EXERCISE AIM.
The material below is to be copied exactly from the line with "164フィートの2ワイヤロープケーブル、ケーブルカッター、手Crimperツールと50パックプロテクタースリーブfor 1 /8" up to and including the line with "Be the first", with nothing else kept and no pictures.

EXTRACTED DATA.
-------------------------
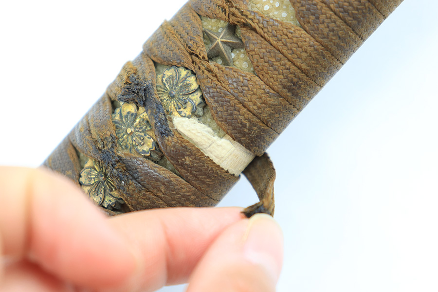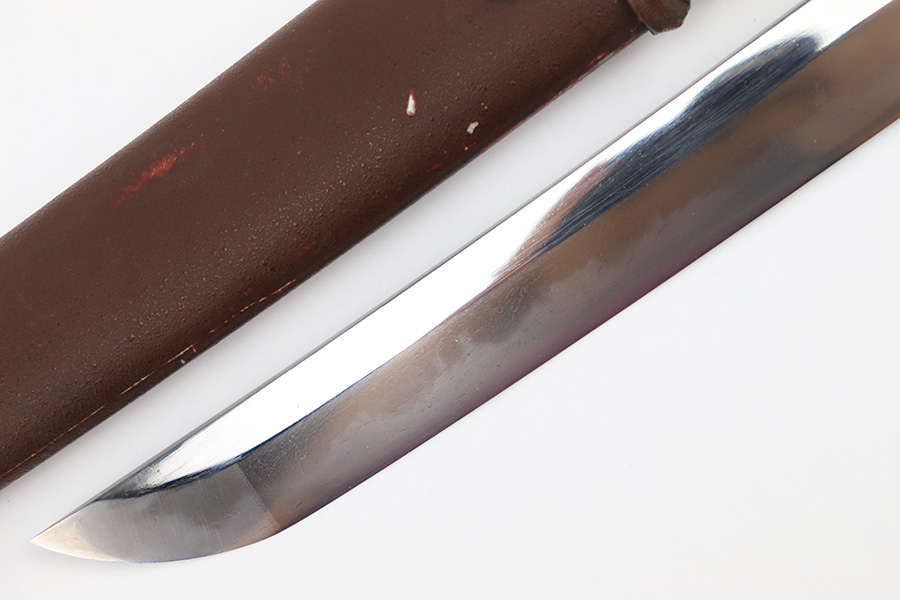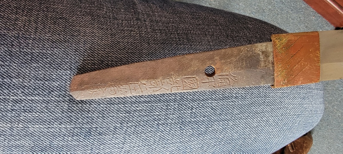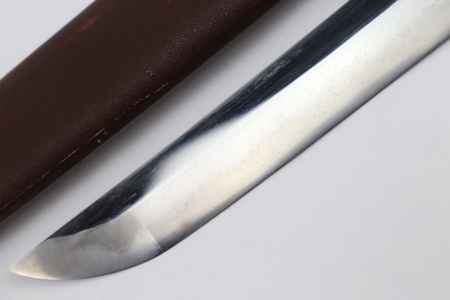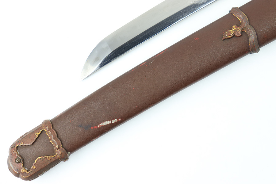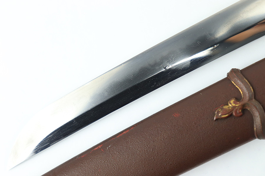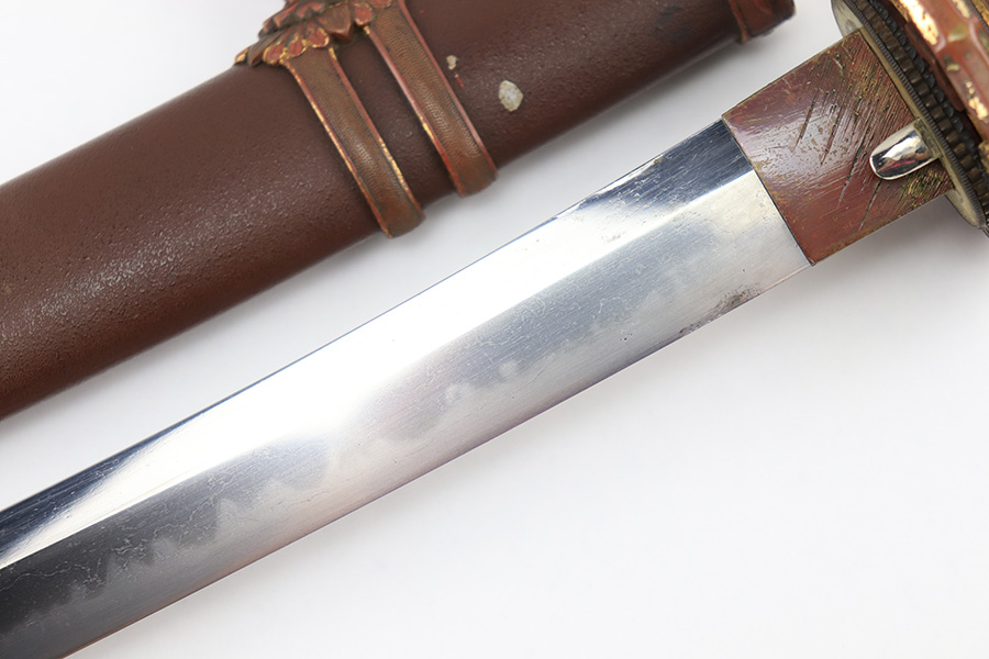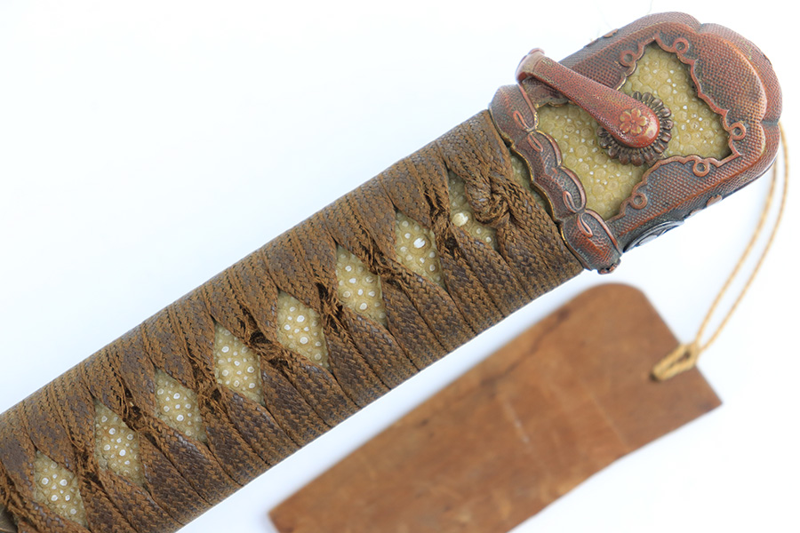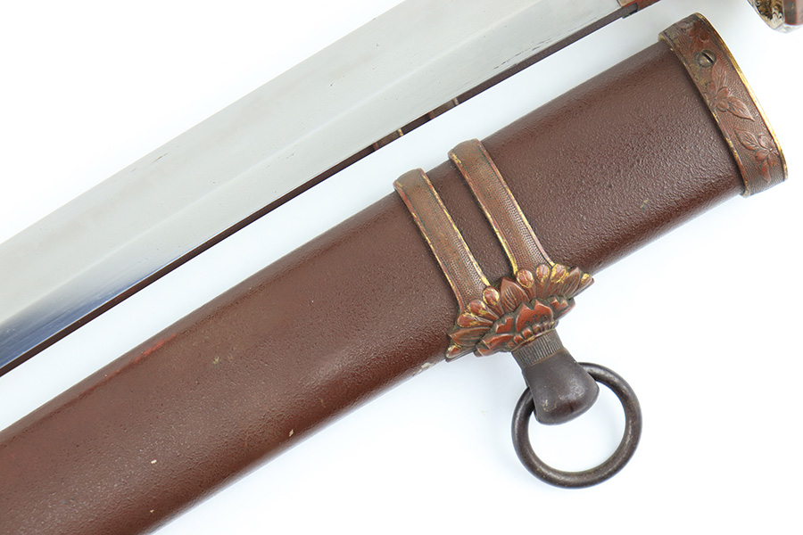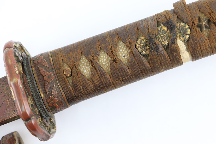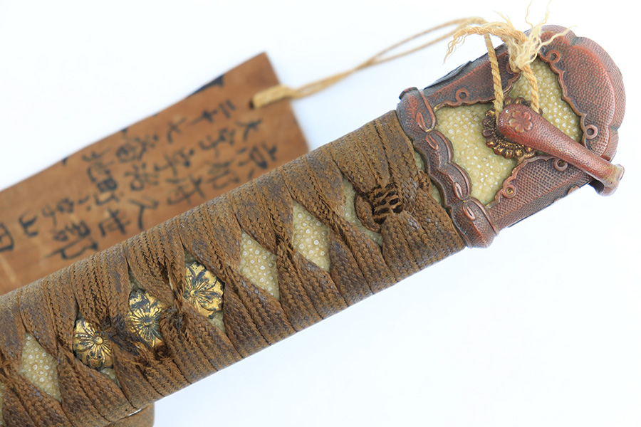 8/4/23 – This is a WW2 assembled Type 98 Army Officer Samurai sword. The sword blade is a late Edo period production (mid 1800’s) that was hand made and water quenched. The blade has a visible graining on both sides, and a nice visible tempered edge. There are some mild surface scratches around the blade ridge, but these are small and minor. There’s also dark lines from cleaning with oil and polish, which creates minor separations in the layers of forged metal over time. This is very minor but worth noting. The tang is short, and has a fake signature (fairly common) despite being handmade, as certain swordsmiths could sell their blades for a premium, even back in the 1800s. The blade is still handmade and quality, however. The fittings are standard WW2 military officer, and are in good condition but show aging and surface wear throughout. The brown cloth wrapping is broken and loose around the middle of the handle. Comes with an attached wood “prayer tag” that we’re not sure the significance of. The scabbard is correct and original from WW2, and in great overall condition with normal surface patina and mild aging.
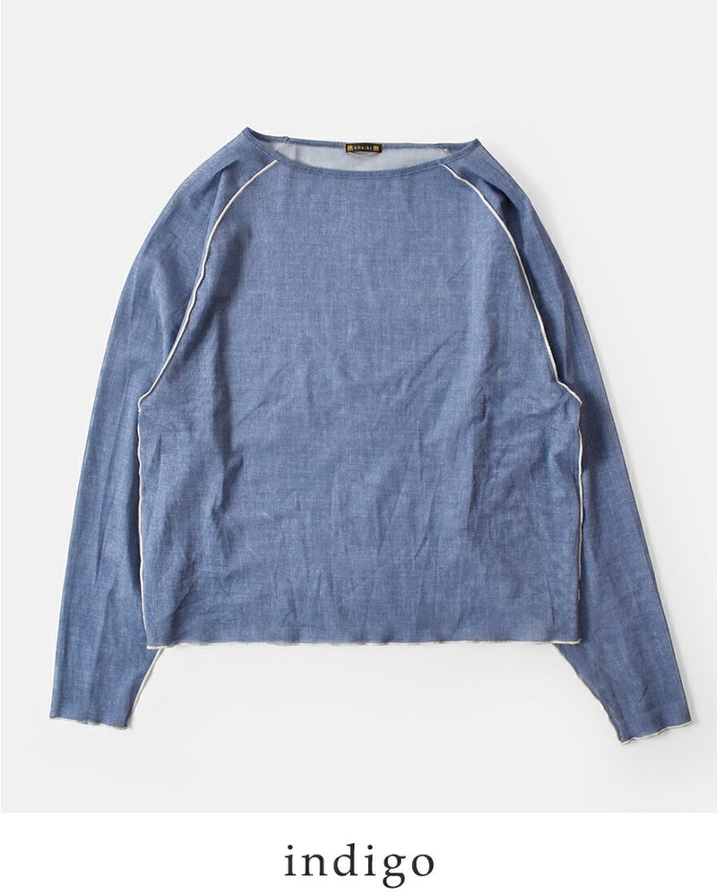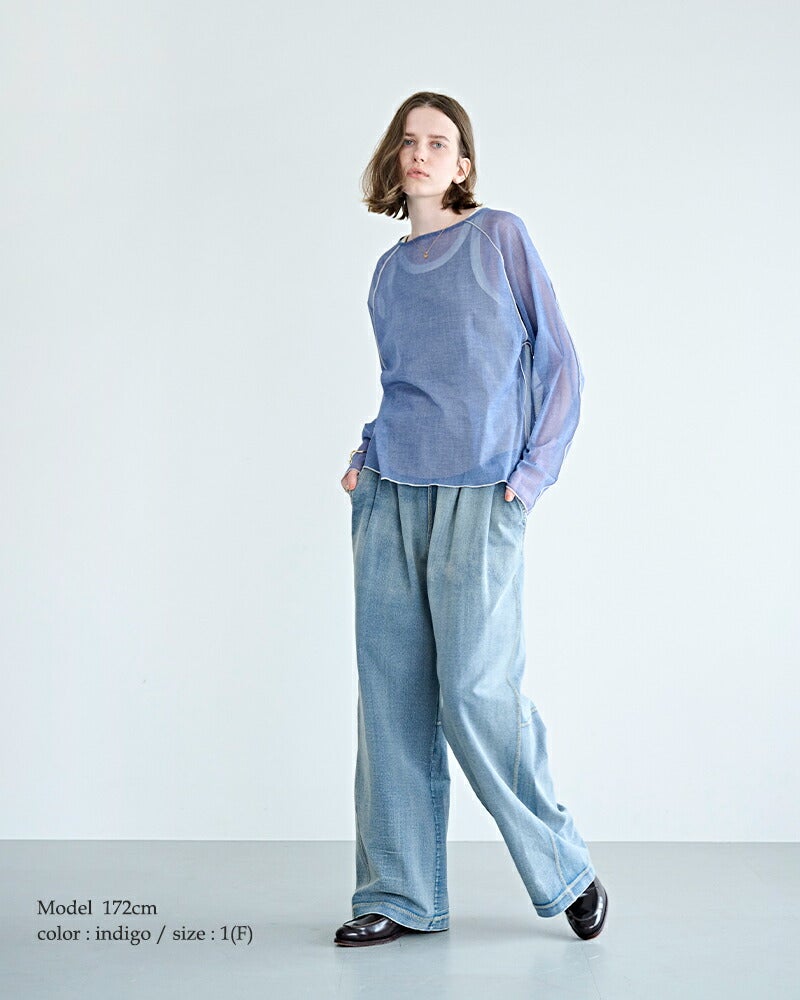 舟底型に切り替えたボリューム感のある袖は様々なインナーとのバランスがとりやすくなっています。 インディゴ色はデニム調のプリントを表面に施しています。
-------------------------
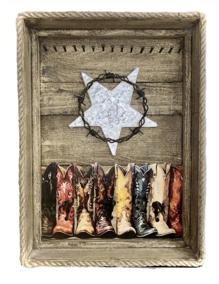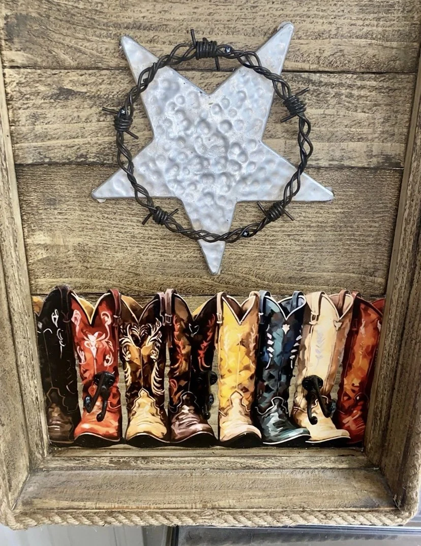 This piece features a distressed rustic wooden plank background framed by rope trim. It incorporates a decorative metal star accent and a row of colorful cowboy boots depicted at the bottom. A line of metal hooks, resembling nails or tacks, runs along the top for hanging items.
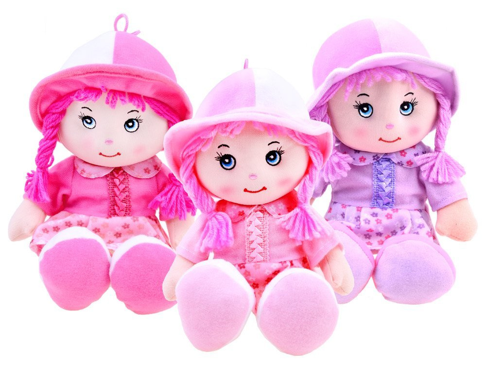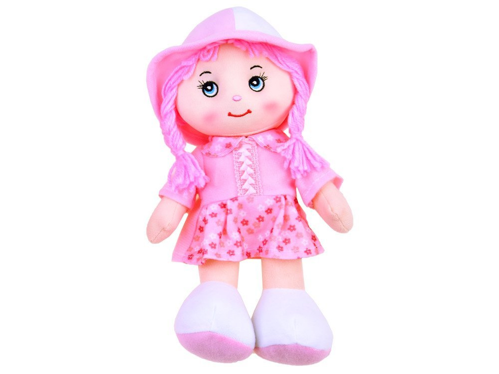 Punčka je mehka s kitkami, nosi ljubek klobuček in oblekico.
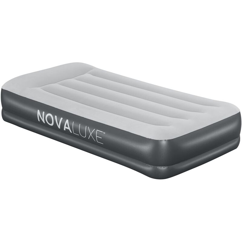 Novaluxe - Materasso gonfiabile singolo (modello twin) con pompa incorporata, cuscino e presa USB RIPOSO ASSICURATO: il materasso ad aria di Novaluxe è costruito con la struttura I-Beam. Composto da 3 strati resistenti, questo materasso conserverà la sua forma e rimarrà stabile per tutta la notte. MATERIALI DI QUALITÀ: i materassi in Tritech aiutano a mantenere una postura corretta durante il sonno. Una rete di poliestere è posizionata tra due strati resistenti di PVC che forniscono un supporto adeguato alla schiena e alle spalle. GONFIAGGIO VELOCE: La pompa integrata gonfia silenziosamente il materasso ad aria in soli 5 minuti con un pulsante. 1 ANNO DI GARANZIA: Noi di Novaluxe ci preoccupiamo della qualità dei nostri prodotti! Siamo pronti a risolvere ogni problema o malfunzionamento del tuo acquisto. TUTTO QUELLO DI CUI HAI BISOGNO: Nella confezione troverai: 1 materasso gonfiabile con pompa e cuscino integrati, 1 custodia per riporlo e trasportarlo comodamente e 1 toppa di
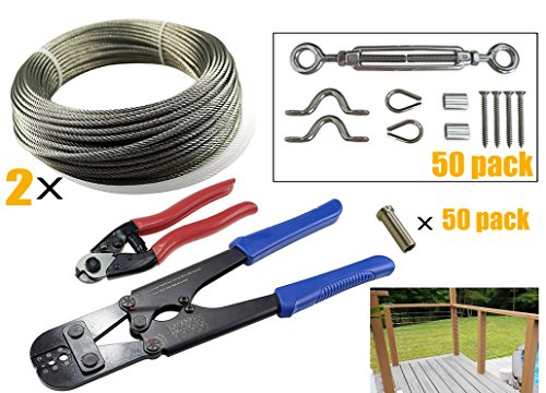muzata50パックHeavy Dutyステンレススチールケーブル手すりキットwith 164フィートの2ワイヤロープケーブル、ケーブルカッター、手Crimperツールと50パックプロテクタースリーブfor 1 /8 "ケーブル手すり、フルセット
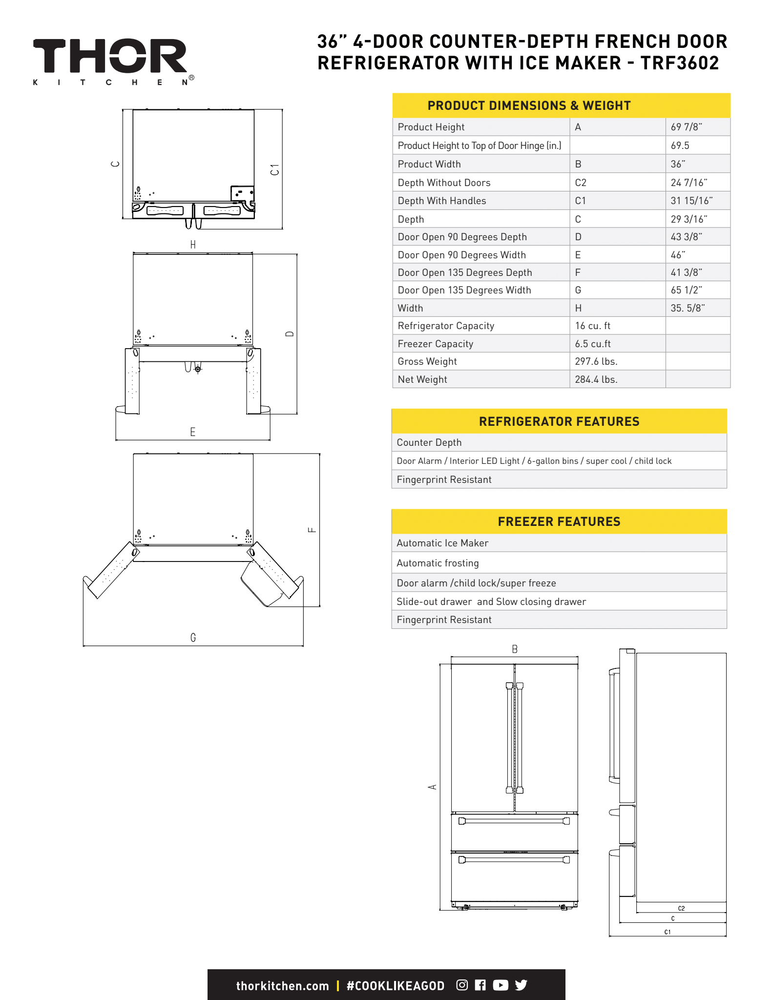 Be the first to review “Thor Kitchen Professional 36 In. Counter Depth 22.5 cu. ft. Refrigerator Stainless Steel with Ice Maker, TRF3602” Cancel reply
-------------------------
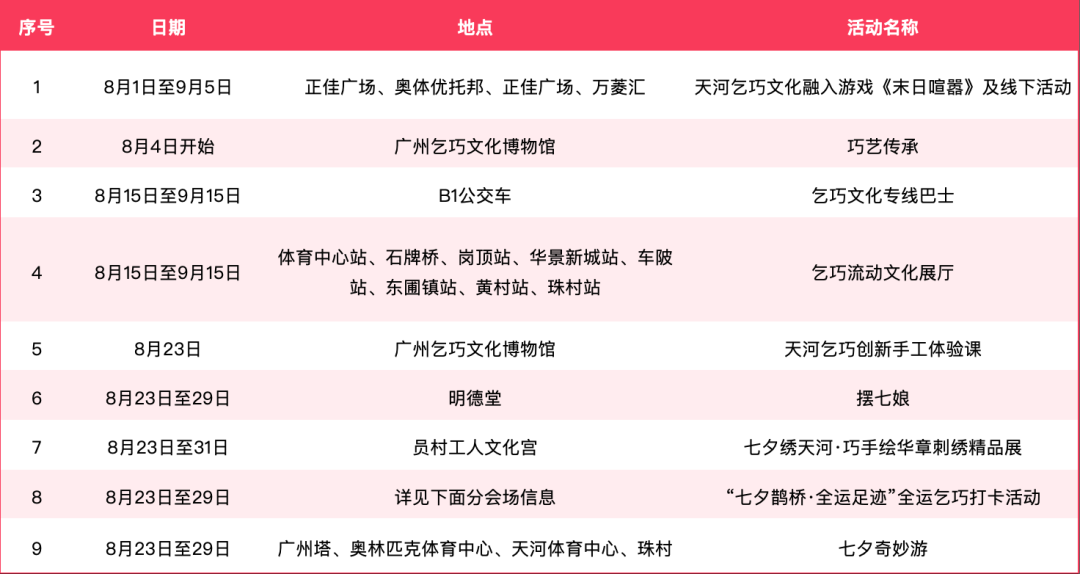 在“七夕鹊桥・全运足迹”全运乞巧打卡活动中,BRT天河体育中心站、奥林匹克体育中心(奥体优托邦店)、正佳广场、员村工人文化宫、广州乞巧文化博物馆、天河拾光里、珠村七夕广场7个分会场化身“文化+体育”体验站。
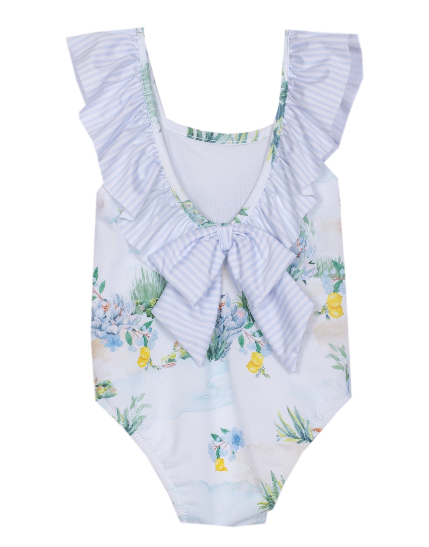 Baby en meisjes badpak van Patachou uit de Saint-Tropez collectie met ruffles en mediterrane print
-------------------------
TASK RESULT.
muzata50パックHeavy Dutyステンレススチールケーブル手すりキットwith 164フィートの2ワイヤロープケーブル、ケーブルカッター、手Crimperツールと50パックプロテクタースリーブfor 1 /8 "ケーブル手すり、フルセット
 Be the first to review “Thor Kitchen Professional 36 In. Counter Depth 22.5 cu. ft. Refrigerator Stainless Steel with Ice Maker, TRF3602” Cancel reply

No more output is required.